Filmed on location in Braunston, mainly around the canal and marina. Other filming took place in high street, Daventry, at Bilton Grange and at Oundle School in Northamptonshire. The film crew spent most of the summer of 1971 there and local people were asked to be extras. A film camera was positioned on top of the then disused windmill to film Robert Powell in the Austin-Healey sports car being driven through the village. The windmill was also used as the "base" for the crew.

===Casting===
Heather MacRae was originally cast as Ellen Case and began location filming until she was fired by Hemmings for being unable to perform, possibly for drug reasons. Although not ideally suited for the role, Gayle Hunnicutt was drafted in to take it on at short notice.

==Release==

Running Scared opened at the Plaza Cinema, Lower Regent Street, London on 27 April 1972. It ran for two weeks before being withdrawn having taken only £2,302. It then got a circuit release as supporting feature to Play It Again, Sam, playing the ABC cinemas Brixton and Bayswater and the Classic cinema in Hampstead.

===Loss===
The film has screened on British television once, on BBC Two on 23 July 1978. As at 2020 it has never had a VHS or DVD release although it is understood that 16mm prints were struck.

Local interest in Running Scared is surprisingly strong. For an exhibition at the 2010 Braunston Festival photographs taken during filming, as well as press cuttings, original scripts and posters were displayed to the public. The original film was intended to be shown but unfortunately this was not the case at that time. Due to the interest shown, a larger exhibition and possible documentary (with input from local residents) was planned for the 40th anniversary of the making of the film in summer 2011.
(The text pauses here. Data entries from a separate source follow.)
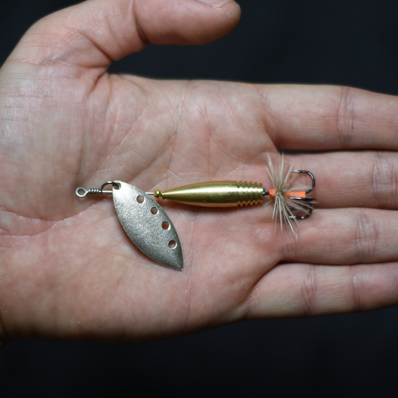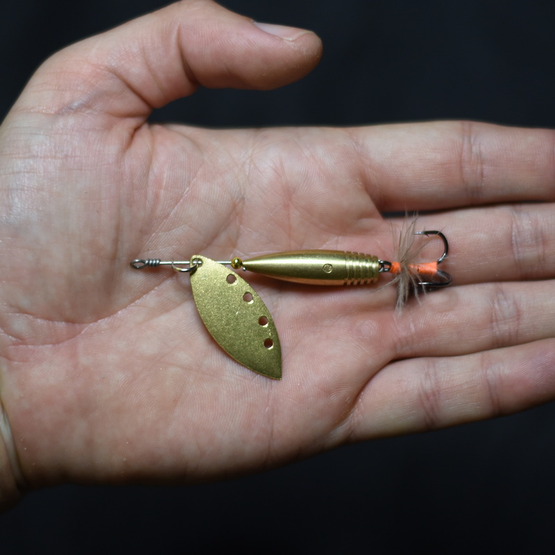 Единственная на моей памяти точная имитация легендарной блесны-вертушки Маньячка. Ручная работа мастера из Луганска. Отлично заводится, прекрасно летит и хорошо ловит. Самая тяжёлая модель в линейке, которая подойдёт для ловли жереха, голавля и окуня. Цвета опушения разнятся.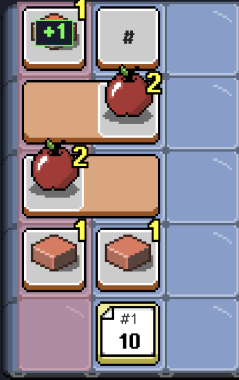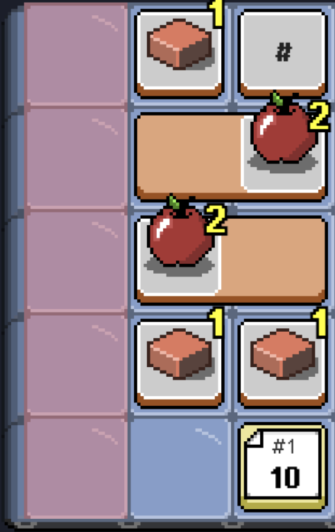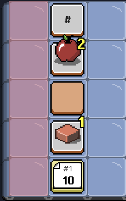 Place food tiles on a shifting grid. Every turn, the belt moves left. Tiles that reach the edge are consumed for points. But an order ticket is coming, and if you haven't hit the target, you take damage.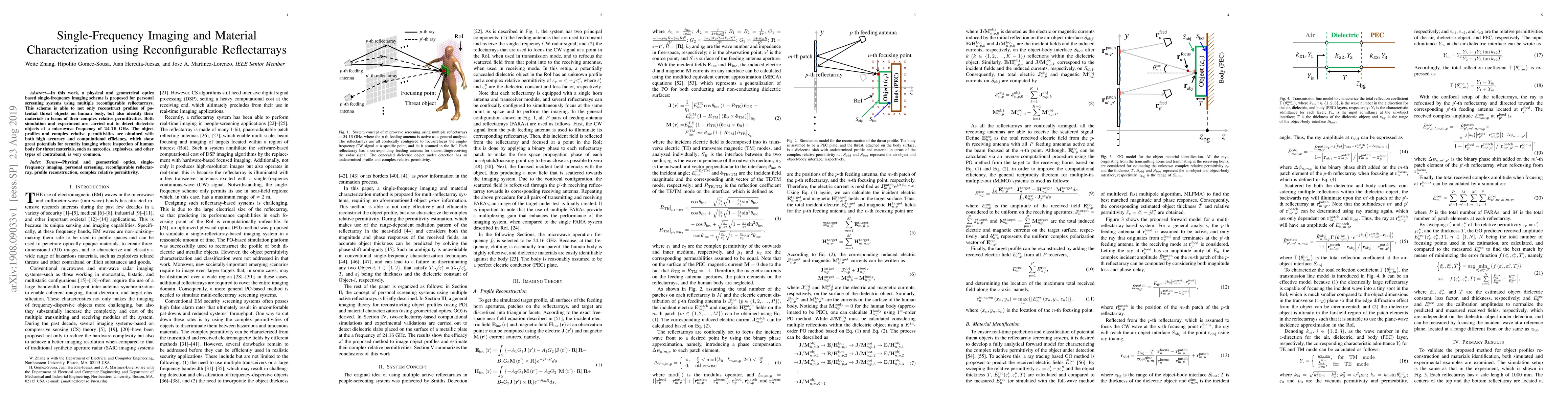In this work, a physical and geometrical optics based single-frequency imaging scheme is proposed for personal screening systems using multiple reconfigurable reflectarrays. This scheme is able to not only reconstruct profiles of potential threat objects on human body, but also identify their materials in terms of their complex relative permittivities. Both simulation and experiment are carried out to detect dielectric objects at a microwave frequency of 24.16 GHz. The object profiles and complex relative permittivities are obtained with both high accuracy and computational efficiency, which show great potentials for security imaging where inspection of human body for threat materials, such as narcotics, explosives, and other types of contraband, is very common.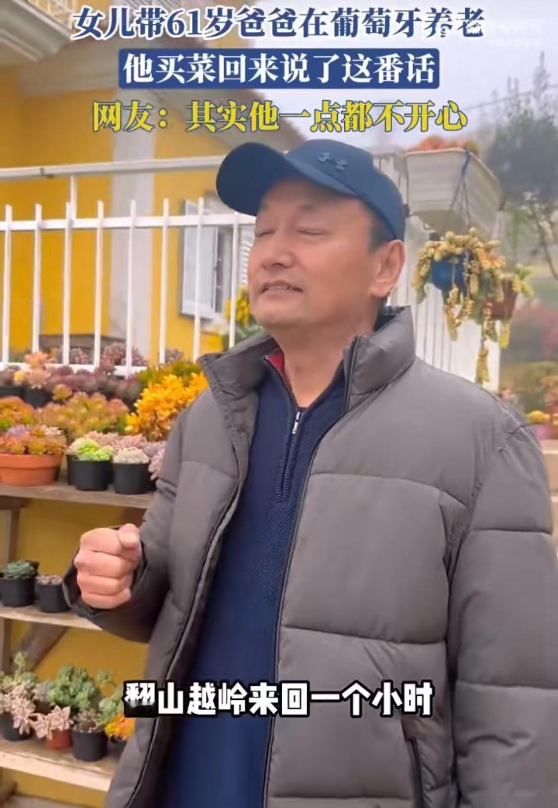 女儿将老人接至葡萄牙农村养老,问老人开心吗? 老人回答,翻山越岭一个小时去买菜,
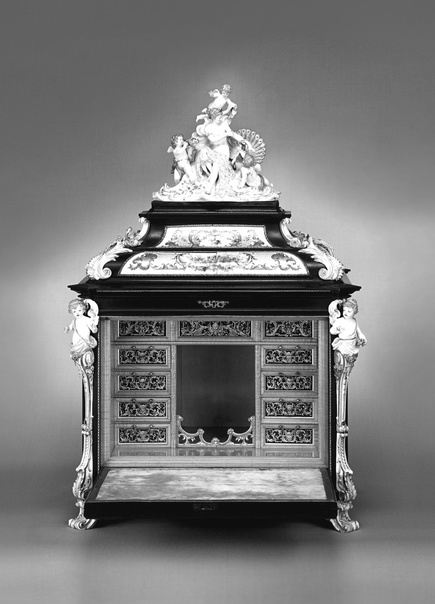 1893 wird die „Schmucktruhe“ der Manufaktur Meissen erstmals auf der Weltausstellung in Chicago präsentiert. Nach einem Entwurf von Ludwig Sturm realisiert, verbindet sie historische Techniken der Porzellangestaltung mit edlen Werkstoffen und klassischen Motiven. In Edelholz und Bronze eingefasste Porzellanplatten zu jeder Seite zeigen transluzente Pâte-sur-pâte-Dekore – feinste Schlickermalereien, für die bis zu 30 Schichten flüssige Porzellanmasse mit dem Pinsel aufgetragen und zu einem Relief beschnitten und ziseliert werden. Die aufwendige Technik musste – eigens für die limitierte Neuauflage – von Meissener Porzellanmalern wiedererlernt werden, um die anspruchsvollen antikisierenden Malereien originalgetreu fertigen zu können. Anmutig bekrönende Figur der Truhe ist die römische Göttin Juno, als Sinnbild der Liebe und Schönheit begleitet von ihrem Weihetier dem Pfau.

In December 2011, the film was shown twice in Braunston Village Halls; lead actress Gayle Hunnicutt was present at the screening and claimed it was the first time she had seen the film in its entirety.

As of 2020 the copyright has yet to be determined.

===Reception===
Tom Milne, reviewing the film in The Times, commented that it "somehow fritters itself away into long, broody pauses and soulful searchings". Several sequences, on the other hand, were "done with a razor-sharp incisiveness that would not have shamed Losey and Pinter ... on balance, it seems worth risking the tedium to watch a born director at work".

The British periodical Films and Filming noted the influence of Michelangelo Antonioni and stated "the lifelike and somewhat enigmatic nature of the story is seemingly based on an assumption of intelligence in the audience which is far in advance of the UK film making norm" of the time. It rated Running Scared three stars for "not to be missed".